前回が6月に開催されていますので、開催頻度としては順調といえます。ここ4、5年のあいだ、日中間の政治問題などもあって年1回の開催がやっとでしたので、そうした状況を踏まえて考えると、協議の進捗に期待が持てるといえます。うまくいけば、今年の年末までにもう1回相互協議が開催できるチャンスがあります。
日中間の移転価格案件は、ほとんどが中国で活動する日系現地法人に対する中国当局の移転価格調査が起因となっています。案件に偏りがあることから、中国の税務当局サイドとして必ずしも協議へのモチベーションが高くないうえに、政治問題もあり日中相互協議は一時絶望的な状況にありましたが、徐々に動き出しています。中国国家税務総局の相互協議担当部署も人員の増強を図っていますし、話を聞く限り各国との相互協議に前向きになっていますし、案件の処理をすることへのプレッシャーも受けているようですので、事態が好転することを期待しています。

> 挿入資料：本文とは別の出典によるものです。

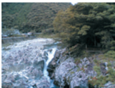
古座川・滝の畔：こんな激流もエビは昇る

川エビ類の回遊も両側回遊です。生活様式も繁殖様式も異なる魚類と甲殻類で、なぜ同様の回遊が行われるのかと考えたことが、エビの研究を始めたきっかけでした。も
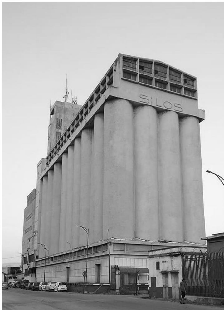
Figure 3. Silos coopératives du port d'Annaba.

et délivré 1340 diplômes d'ingénieurs... Elle n'avait toutefois formé que 5 ingénieurs d'origine algérienne qui furent les premiers cadres de l'agriculture ». Ainsi, l'interdit de qualification pour les algériens pose le problème de participation dans l'évolution des pratiques dans n'importe quel secteur, et confirme pour autant l'impossibilité de transfert technologique.
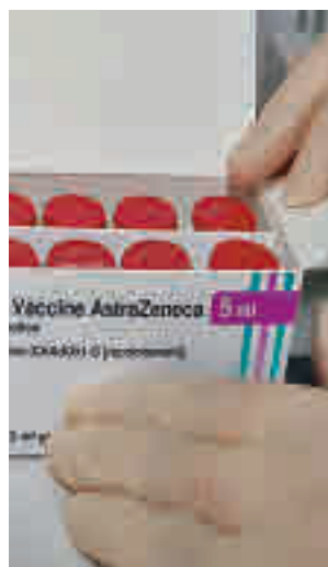
Vacuna de AstraZeneca
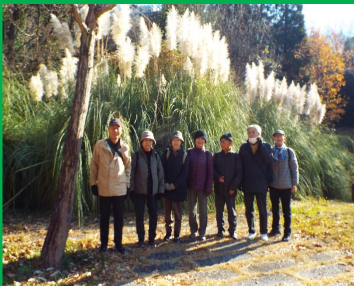
パンパスグラス前での有志による写真撮影
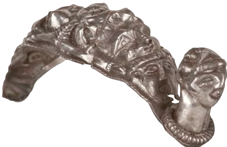
^ Fibula de Driebes

La compleja organización social se refleja en la religiosidad ibérica. Tanto en el Castellet de Bernabé como en el Puntal dels Llops se han identificado capillas relacionadas con cultos domésticos o familiares. En otros lugares se han localizado enterramientos infantiles bajo los suelos de las casas o sacrificios de animales relacionados con la fundación del recinto.
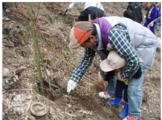
写真 5.2 植樹祭
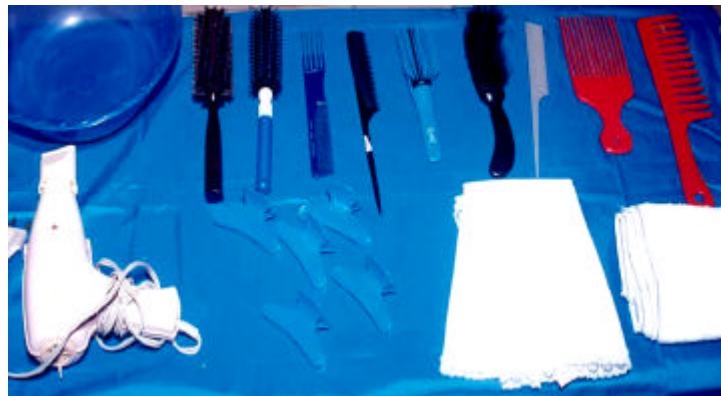
Gambar 3.1. Alat-alat dan Lenan untuk Pengeringan Rambut

Pada Tabel 3.1 berikut ini merupakan alat dan lenan yang perlu dipersiapkan sebelum melakukan pengeringan rambut.
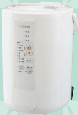
スチーム式加湿器

ポットみたいに、お手入れ簡単! 清潔な蒸気のスチーム式 沸騰させたきれいな蒸気を、 約65℃まで冷ましてお部屋を加湿します。
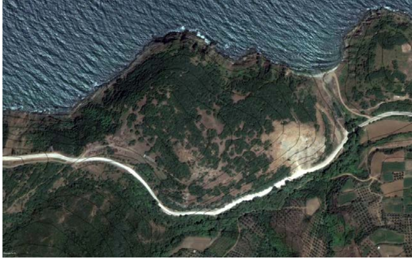
Resim 5: Çalılıburun Tepe Hava Fotoğrafı
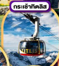
กระเช้าทิตลิส
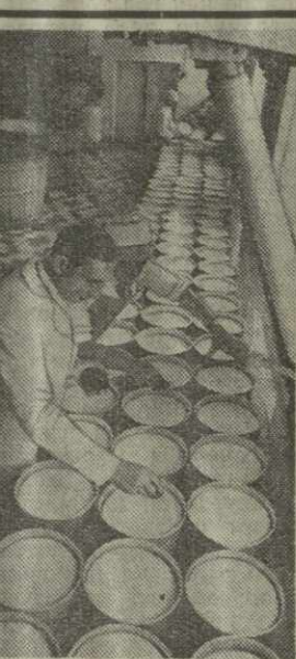
▲ ВОГДАВОНСКИЙ ГОЛОВНО-СПЕЦПРОЕКТООБЪЕКТ — предприятие коммунистического труда. Оно основано новейшим высокопроизводительным оборудованием. В Москве и Ленинграде, Киев и Харьков, Донецк и Одессе, Тбилиси и Мурманск, Баку и Сухуми, Рустави и Гагра отгружены вагоны. Здесь сыры швейцарский, голландский, советский, грузинский.

Продажа облигаций сберегательными кассами производится по ценам, установленным Министерством финансов СССР, а покупка их у граждан — по нарицательной стоимости.
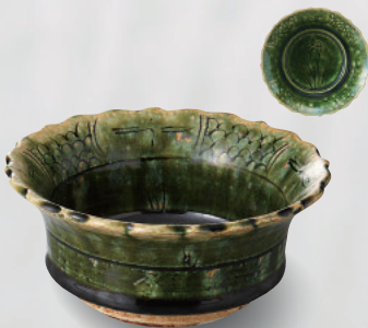
土物 100-4-2H 3,900 円 織部輪花反小鉢 12.8×6cm
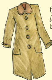
(talvi)takki [talvitak:i] kabát
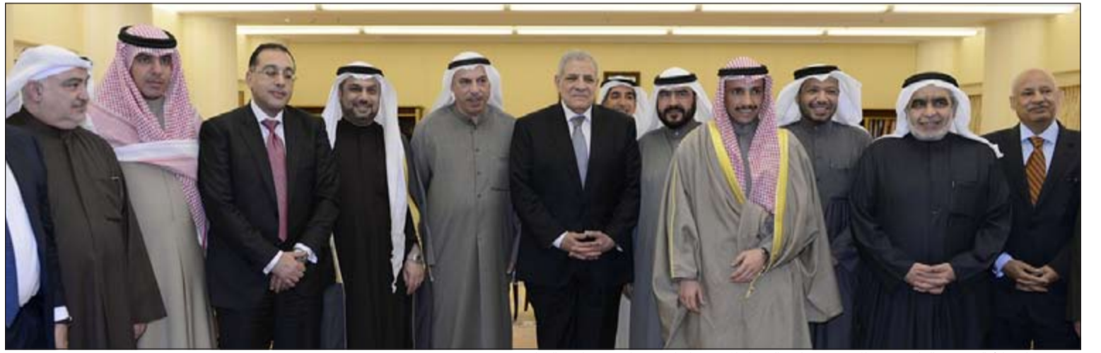
رئيس مجلس الأمة مرزوق الغانم متوسماً رئيس مجلس الوزراء المصري ابراهيم محلب وعدداً من النواب

الزمانان. وضع الوفد المصري كلا من محافظ البنك المركزي المصري هشام رامز، ووزير البترول والثروة المعدنية م.شريف اسماعيل محمد، ووزير الإسكان والمرافق والمجمعات العمرانية د.مصطفى كمال مديولي، ووزير الاستثمار أشرف عبدالقادر سلمان، وسفير جمهورية مصر لدى الكويت عبدالكريم سليمان، والمتحدث الرسمي باسم رئاسة مجلس الوزراء السفير حسام القاويش، ورئيس الإدارة المركزية للإعلام برئاسة مجلس الوزراء طارق كمال، والمستشار الإعلامي برئاسة مجلس الوزراء هاني يونس، ورئيس مجلس إدارة شركة المقاولون العرب م.محمد محسن صلاح الدين.
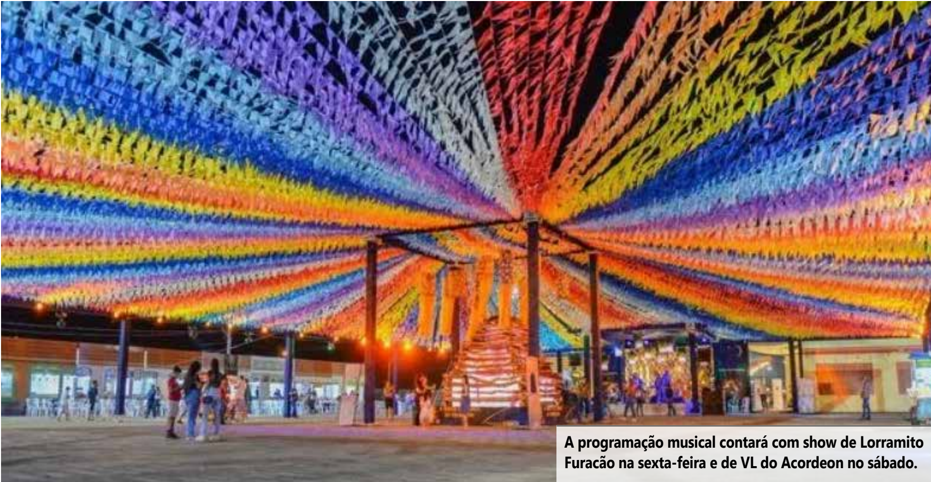
A programação musical contará com show de Lorramico Furacão na sexta-feira e de VL do Acordeon no sábado.

Além das atrações culturais, o Arraiá da Serra terá barracas com a venda de comidas típicas juninas,

なお、今後中国企業の日本への進出が増えることが想定されますが、実際のオペレーションを始めるにあたっては、事前に利益の配分などの移転価格対策を十分取っておく必要があります。日本で活発に事業活動をする中国系企業に対して、日本の課税当局が積極的に法人税調査を行い、情報収集を通じて移転価格の問題までもっていくことを志向としていると考えられます。